As Giles Fraser points out, the Bible is not primarily about how to live your life.  Even though it contains pages of laws, proverbs, and instructions, they serve to set the context for something more important - the way in which God redeems his creation through Jesus Christ.  If we think we know better than the Bible, we completely miss the point, which only serves to demonstrate how much we need that redemption. 


Ray Barnes said…
Thanks for this comprehensive coverage of both points of view and the two recordings.
Having read most of the cyber comments on this and added your content to the debate I have satisfied all (what little I had) my curiosity about "The Good Book".
It will be interesting to see how it sells.
Anonymous said…
I am curious. you have not read the "Good Book" by Grayling so where did you get your source of information about the coherence and integrity of the book??

If it is from the blog, then would it again "hear-say"??

Charlie said…
As you say, JC (not "AC", then?) I have not read it. That is the premise of this post. However I find my sources to be reliable enough, including the information from the author which I have referenced. And I actually have not commented on either the coherence or the integrity of the book itself, merely on the concept and on the way in which he has presented it.
Edward Ockham said…
Giles on the Bible and Grayling.

1. "[The Bible] sets our values within the deep complexities of human life". [Don't understand].

2. "The Bible is not about being good, it's about being saved". [But doesn't that mean being good?]

3. Giles says not. "It's a theological heresy that you won't be saved unless you are good." Pelagius about to be mentioned at any moment.

4. Giles mentions Pelagius. Adds "The Bible is not a great moral book" [It isn't?]
angry_liberal said…
Although I like what I have read so far from the Good Book, I would not attempt to defend it. First of all it is a personal thing. Atheists hold no book as special and approve of what they approve. Theory would predict that religious people either ignore the book or feel threatened by it and so denounce it. You are wonderfully fulfilling that theory.

However I feel I must take you to task with your claim that the fact people struggle with the Bible is something in its favour.

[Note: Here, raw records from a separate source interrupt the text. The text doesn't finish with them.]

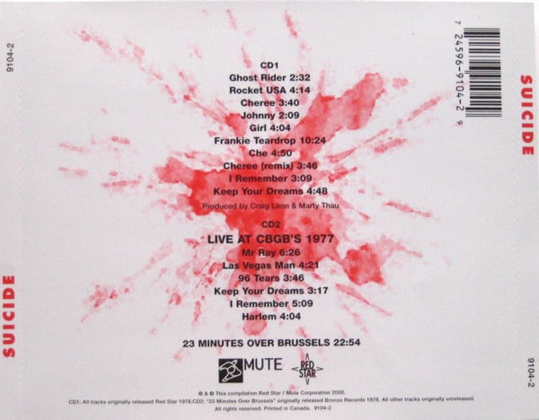 Includes a bonus disc of Suicide live at CBGB’s in 1977 plus their controversial ’23 Minutes Over Brussels’ performance.
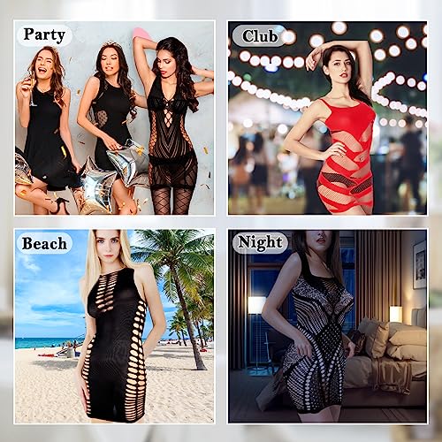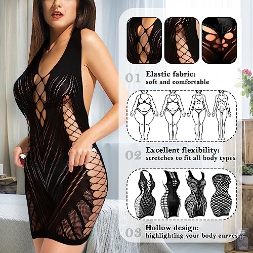 selizo Fishnet Lingerie Dress for Women, Black Fish Net Bodysuit Sexy Chemise Teddy Naughty Women's Mesh Lace Body Stockings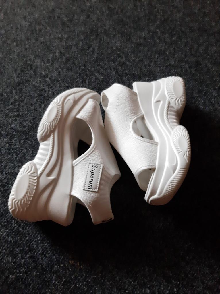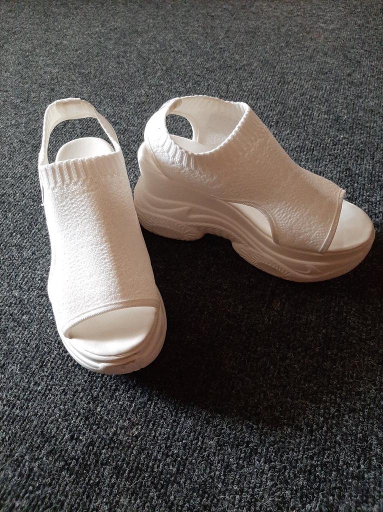 WTEMPO Hollow Out Peep Toe Wedges Gladiator Sandals Retro Casual Women Shoes Black Stretch Fabric Platform Heighten Shoes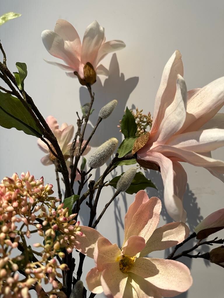 Betover je leefruimte met het Zijden Bloemen Boeket 'Zachte Bloesem', dat een prachtige mix van witte en roze tinten bevat. Laat je zorgen over verwelking achterwege, want dit tijdloze zijden boeket behoudt zijn gracieuze uitstraling, seizoen na seizoen. En het allerbeste is dat deze bloemen geen water nodig hebben ;). In onze webshop vind je divers aanbod aan zijden bloemen. Merk: Countryfield.
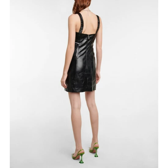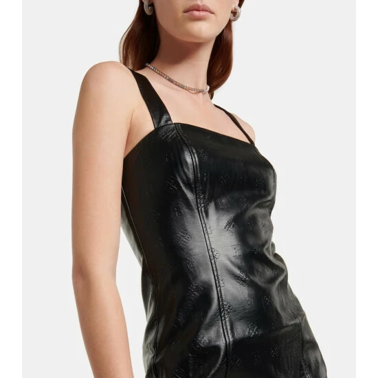 The Herlina minidress from Rotate Birger Christensen is shaped into a ’90s-inspired silhouette. Made from logo-embossed faux leather, it has a square neckline and wide shoulder straps.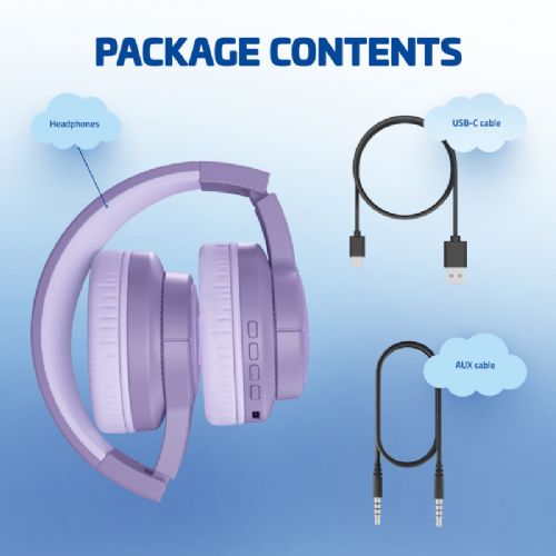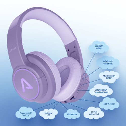 Lamax GlowKid1 v vijolični barvi združujejo udobje, varnost in atraktivne svetlobne učinke, zato so odlična izbira za otroke, ki želijo kakovostno, prijetno in zabavno poslušanje glasbe, pravljic ter spletnih vsebin, kjer koli se nahajajo.

Yes it is true that the deeper a book is, the more time one must spend grappling with its contents. But the reverse does not follow. What makes the Bible hard to read is that it has simply failed to keep up with developments in morality and science. It fails even to embrace the notion of freedom of belief. Yes one needs to read it in context but that just further undermines its core message.
Charlie said…
Flip. I had to go back and read my post again, it was so long ago. I don't really understand your second point, although you appear to be sincere so I have published it.
Are you perhaps saying that you don't like the Bible because you don't agree with what you read in it? This is a valid point of view, consistent with Grayling's, but I think you can imagine what my response would be to it.

As to your first, I haven't ignored it, so I presume you think I am threatened by it? I can assure you that I am not.